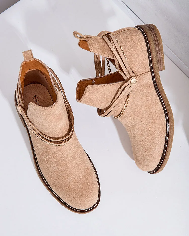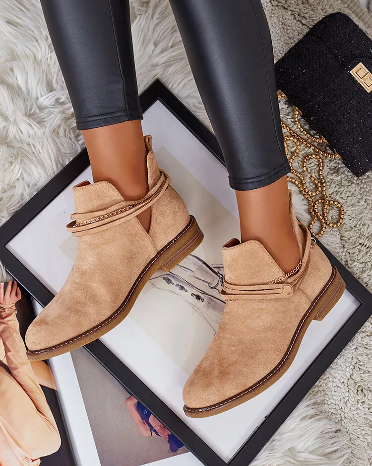 - Stylische Damenstiefel aus Öko-Wildleder mit Innensohle aus Naturleder sind ideal für kältere Tage. Modell zum Hineinschlüpfen mit dekorativen Ketten auf dem Schaft. Die Schuhe haben einen flachen Absatz und eine runde Spitze. Super Ergänzung zu Ihren läs
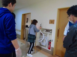 職員は、消火器や散水栓(屋内消火栓)の使い方、避難誘導
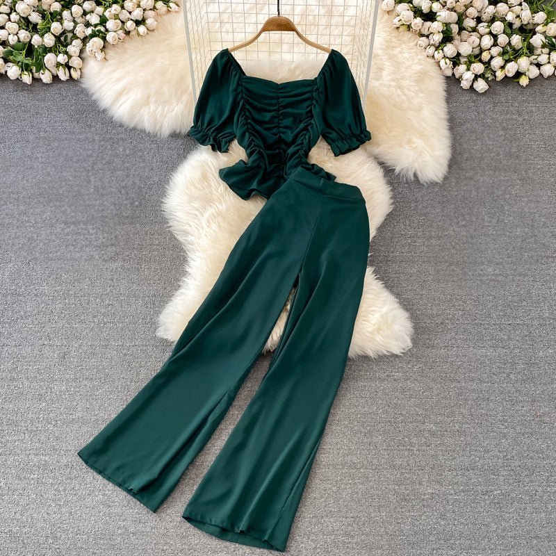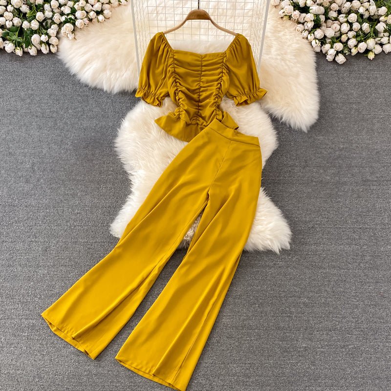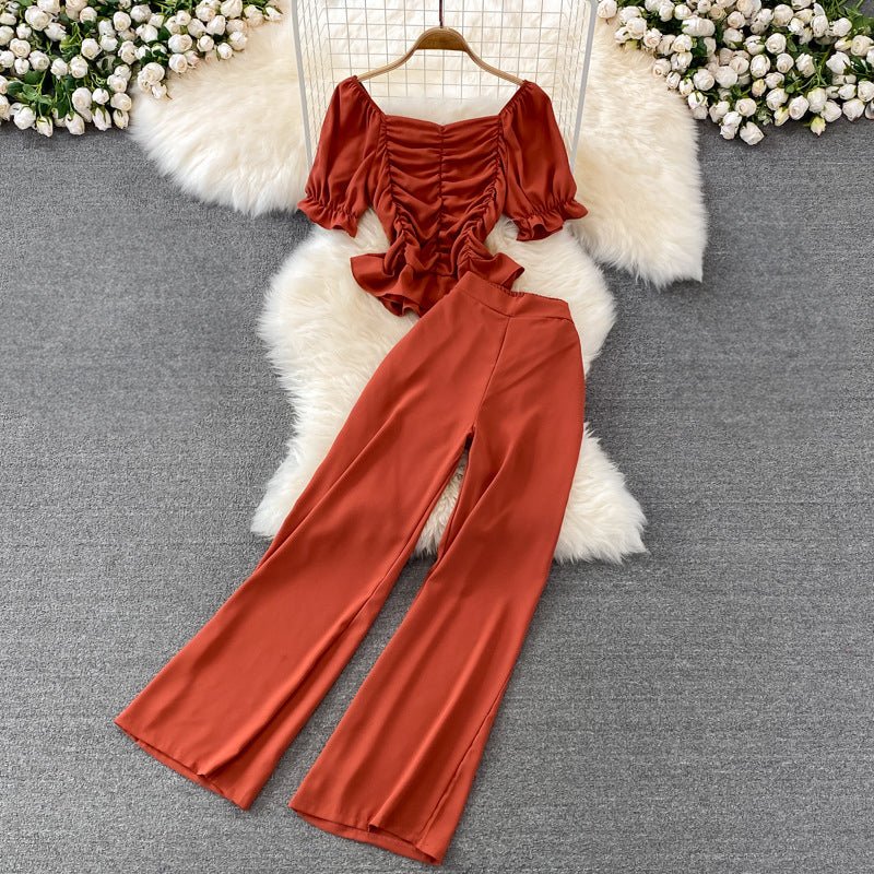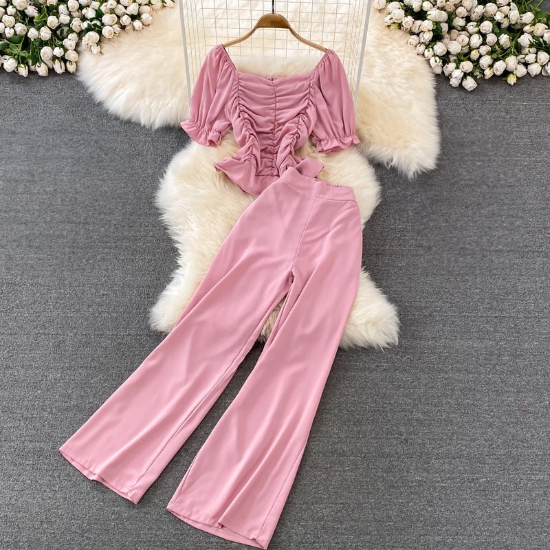 Immerse yourself in vibrant sophistication with the Amelie Fleur Charmaine 2 Piece Set. This dynamic ensemble combines wide-leg pants with a top featuring 3/4 sleeves, delicate pleats, and charming puff sleeves.
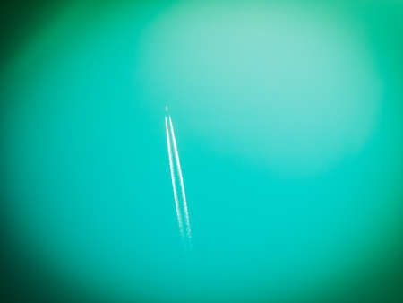 Wallpaper background of an airplane trace in the blue sky. Vignette effect.

□ □ □

**Your instructions**
Give back the full data exactly as it reads, but drop the pictures.

**Answer box**
 - Stylische Damenstiefel aus Öko-Wildleder mit Innensohle aus Naturleder sind ideal für kältere Tage. Modell zum Hineinschlüpfen mit dekorativen Ketten auf dem Schaft. Die Schuhe haben einen flachen Absatz und eine runde Spitze. Super Ergänzung zu Ihren läs
 職員は、消火器や散水栓(屋内消火栓)の使い方、避難誘導
 Immerse yourself in vibrant sophistication with the Amelie Fleur Charmaine 2 Piece Set. This dynamic ensemble combines wide-leg pants with a top featuring 3/4 sleeves, delicate pleats, and charming puff sleeves.
 Wallpaper background of an airplane trace in the blue sky. Vignette effect.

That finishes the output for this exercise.